Tuesday, July 05, 2011

The Boundless arrogance of Brussels.

Fraser Nelson has got his bit in on the Coffee House, but here is my Tuppen'th.

It is the way they tell'em that cracks us up. If you were going to offer a massive great bribe then you have to ask how you would do it. This of course is a thought experiment, I wouldn't expect anybody to even contemplate such a thing in reality. Anyhow, how would you do it.
Would you quietly make the proposal hugger mugger, or maybe ask for somebody else to do it for you, a go-between, somebody that you both trust?
Or would you set you terms for the bribe in an incoherent couple of hundred words in a national Sunday Newspaper?
That the EU Commission President Barroso in offering David Cameron a 25 billion Euro bribe in this week's Sunday Times tells a number of stories.
The first is to shine a bright light on the arrogance of the European Union elite. The feeling that in some he would bounce the UK into accepting a significant increase in the EU budget. To do this he would appeal over the heads of the UK politicians directly to the public - no doubt bizarrely thinking that the British public are;

a) More pro European than their politicians

or

b) More stupid than their politicians.
Sadly for Mr Barroso he and his advisor are transparently out of touch and disconnected with the British public who are

a) Significantly more Eurosceptic.

and

b) Not as stupid as their politicians.

He must have calculated that the public would rise up against the Government and demand the cash on offer.
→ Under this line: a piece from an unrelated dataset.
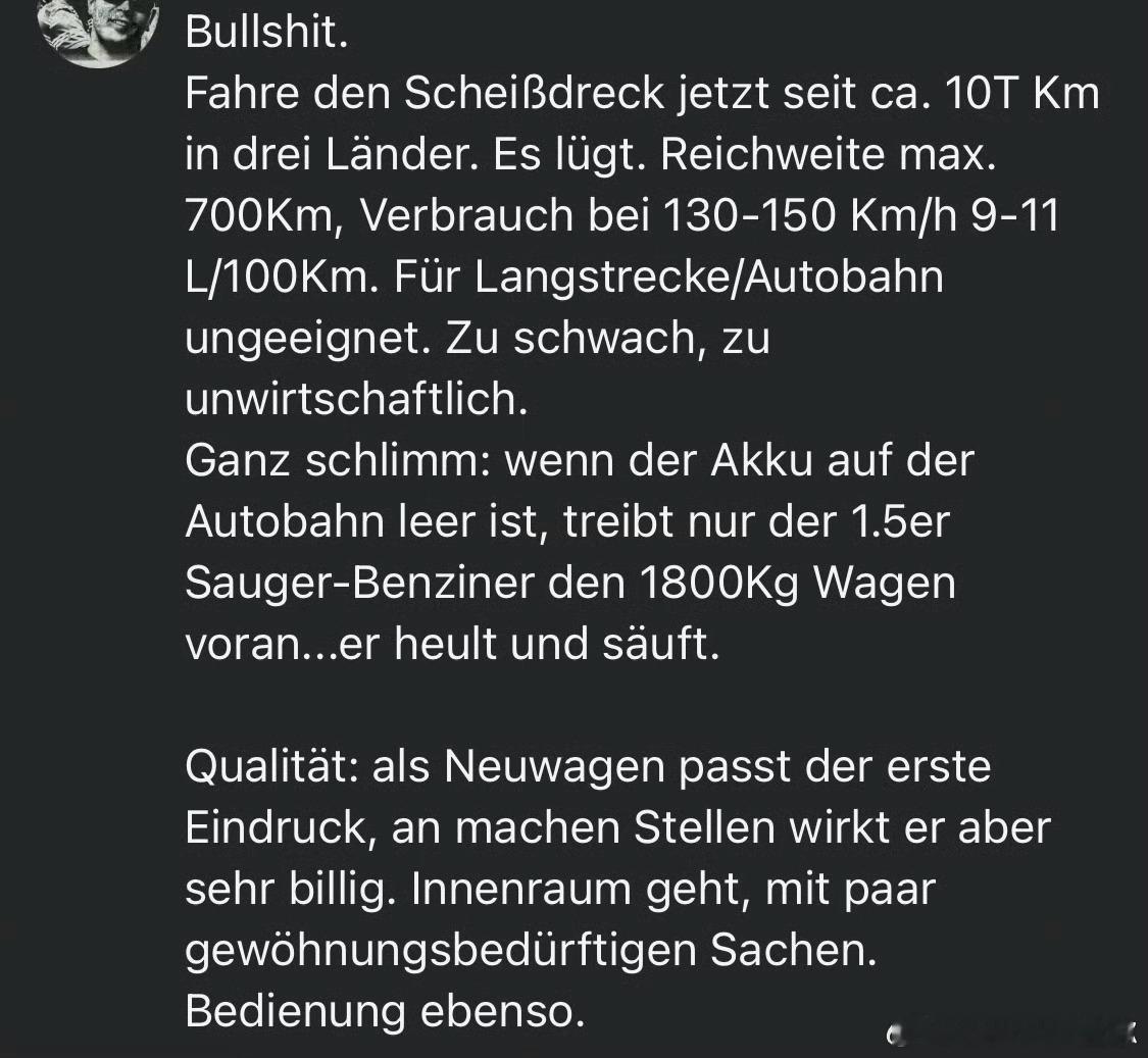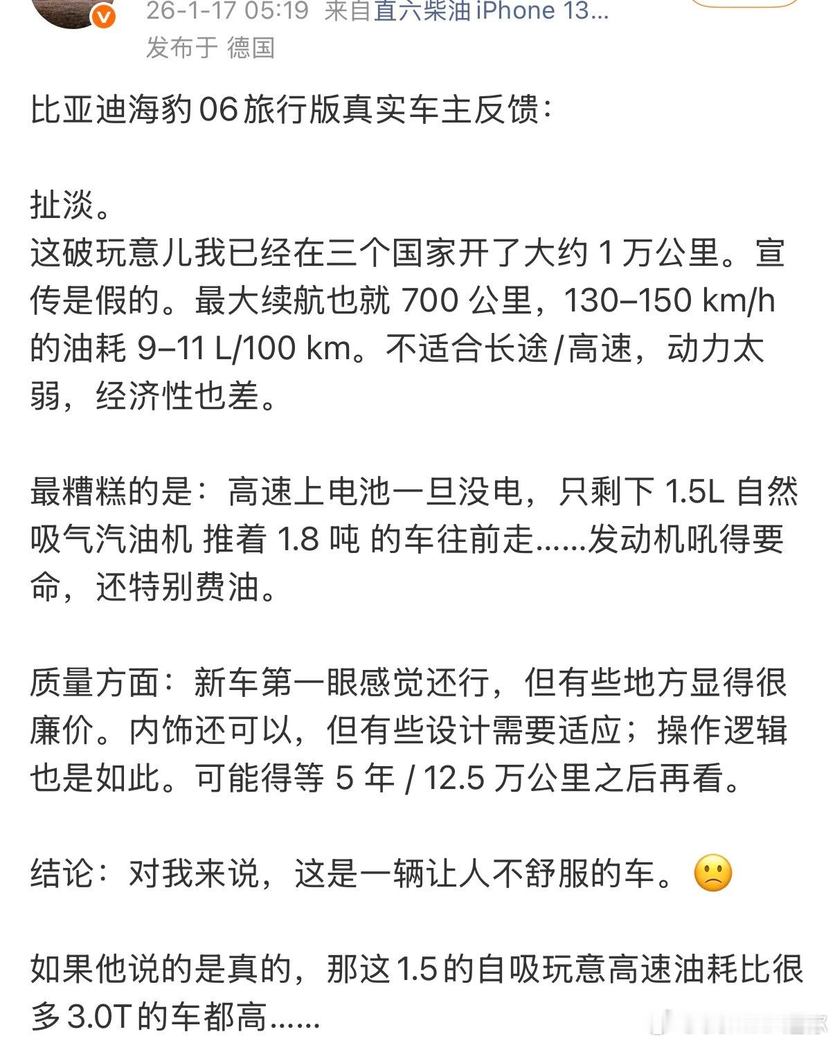 一个欧洲佬的评价,竟然也能让某些人沸腾……这种东西但凡是个主流媒体在国内发布,都得被网信处理,如此明显的“以偏概全”还有人奉为圭臬按照这种逻辑,那欧洲车在中国的宣传也全是假的了,宣传油耗都是七八升,每天城市通勤都得十几升……而且欧洲市场也不是大家天天跑高速,欧洲市场城市高速73开,中国82开,最高的美国也就基本55开,一谈能耗就是高速,这不是以偏概全是啥?前阶段被处理的垂媒中已经提醒的很明显了,不要搞以偏概全的汽车评测比亚迪海豹06汽车资讯大v聊车

The point is of course that he is trying to bribe us with our own money. After all where does he think it is going to come from except the taxpayer. We are not that daft.

He also tried to sugar the pill by suggesting that the money would become available to the UK just before the next slated general election, allowing Cameron to go on a vote winning spending spree. So far the Treasury have rejected the offer, as Barroso always knew they would. But that great pile of cash will look increasingly tempting as the austerity measures start to bite and as public sector workers continue to strike.